Among the memorable contents were original contributions from William S. Burroughs, an interview with Kurt Vonnegut, and insightful front-line reports on the Weather Underground's seizure of SDS written by Shero and others. There were regular in-depth stories on the Young Lords, a militant Puerto Rican youth movement, and the Black Panthers - with a focus on New York's own Panther 21 terrorism trial, and well as news of the on-going sagas of Huey Newton, Afeni Shakur, and Eldridge and Kathleen Cleaver. Jane Alpert wrote on her own experiences in the notorious Women's House of Detention after she was arrested for involvement in the bombings. Like most underground papers, Rat shared articles through the Underground Press Syndicate, allowing regular coverage of distant events like the Native American takeover of Alcatraz Island — and of course, looming over everything, the Vietnam War.
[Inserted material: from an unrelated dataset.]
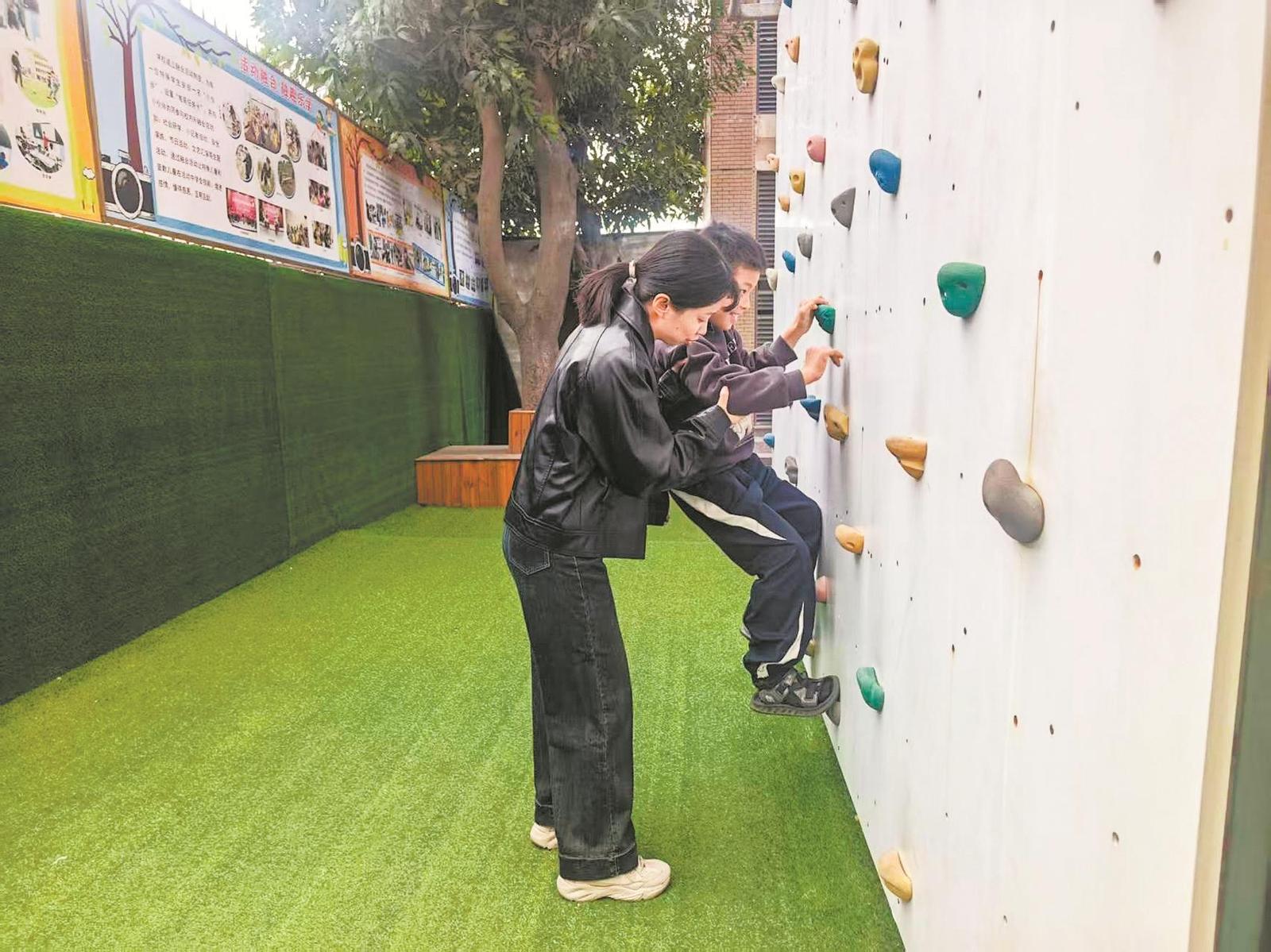 走进晋江市特殊教育学校,“阳光”理念渗透校园每个角落。“七色光”文化展示窗里闪烁着学生的创意,“植趣园”中孩子们正低头观察植物生长,“向日葵家园”内传来轻松愉快的互动声……校内一景一物被设计为“浸润式环境课程”的一部分,主题式文化景观,搭配感统、音乐、美术、个训、蒙氏等功能教室,织就安全且充满支持的“悦融”生态,帮助孤独症学生舒缓焦虑情绪、安心学习。学校同步搭建起覆盖夯实基础的学科课程、兼顾康复与兴趣的支持课程、渗透技能认知的职业启蒙课等六大模块的“阳光课程体系”,推动教康融合,为学生撑起全方位成长支持生态。

While most pages of Rat serve as two-dimensional museums of its own era, its ecological writings are astonishingly far-sighted even now. The Apollo 11 moon landings were seen through a mirror, in a grand color centerfold, sponsored by the Sierra Club, headlined "Towards A More Moon-Like Earth" - elegantly written and designed, probably by Jerry Mander and/or David Brower and/or Paul Simon aka Paul Zmeiwski. . Coming hard on the heels of UPS reports from the bloody struggles over People's Park, this manifesto provided a radical planetary overview for the nascent ecology movement. As this came to Rat in the form of a paid advertisement from a national organization, it presumably appeared in several other papers at the same time. Further thoughts on this subject came from the famously ex-Marxist Murray Bookchin, a regular Rat contributor whose left-anarchist take on eco-politics anticipated (and influenced) the socially engaged anti-globalization movement that emerged in 1999. Some of his articles appeared under pseudonyms.

There may be only one item first published in Rat that has survived on the fringes of mainstream culture. This would be Robin Morgan's incandescent essay "Good-Bye to All That" (a title borrowed from Robert Graves), which appeared in the first women's issue, and is still available in anthologies of the finest feminist writings.

It's noteworthy that the percentage of the paper devoted to reporting would-be revolutionaries' warfare with the state actually increased following the women's takeover, as did a tendency toward hard-left politics and Maoist graphics. The fiery "Women's LibeRATion" was a far cry from the safely upward-mobile feminism associated with the National Organization for Women and Ms. magazine a few years later. Issues of workplace discrimination and sexual harassment were already a major concern, however. A poem about office work by Marge Piercy, Metamorphosis into Bureaucrat, appeared in the women's Rat of March 7, 1970, containing the lines "Swollen, heavy, rectangular/ I am about to be delivered / of a baby /zerox machine."

A list of notable contents is misleading, in its implication that Rat took itself seriously, and expected to be taken seriously. In fact, it didn't and wasn't. Rat's sense of humor lightened up, and subtly undermined, its often heavy political messages. Most of its better writings contained humor of their own - and any that didn't were likely reach the reader accompanied by inappropriate illustrations and irreverent headlines (in press-on letters that were always a bit askew). Despite the life-and-death urgency of its political stories, Rat's modest newsstand sales came largely from "straight" people looking for offbeat entertainment — and looking for sex.

Rat was published during a period of layout innovation and had a dramatic look of jumbled letters and strong imagery. Stat camera reproduction of paste-ups composed of often "swiped" graphic elements, and letraset type, were fast and affordable. Contributing designers included Van Howell and Joe Schenkman. This largely forgotten period of innovation in communication is remembered for its association with period (mainly punk) music graphics and concert flyers, and for many campus publications and activist flyers. It is somewhat similar to the later desktop publishing revolution.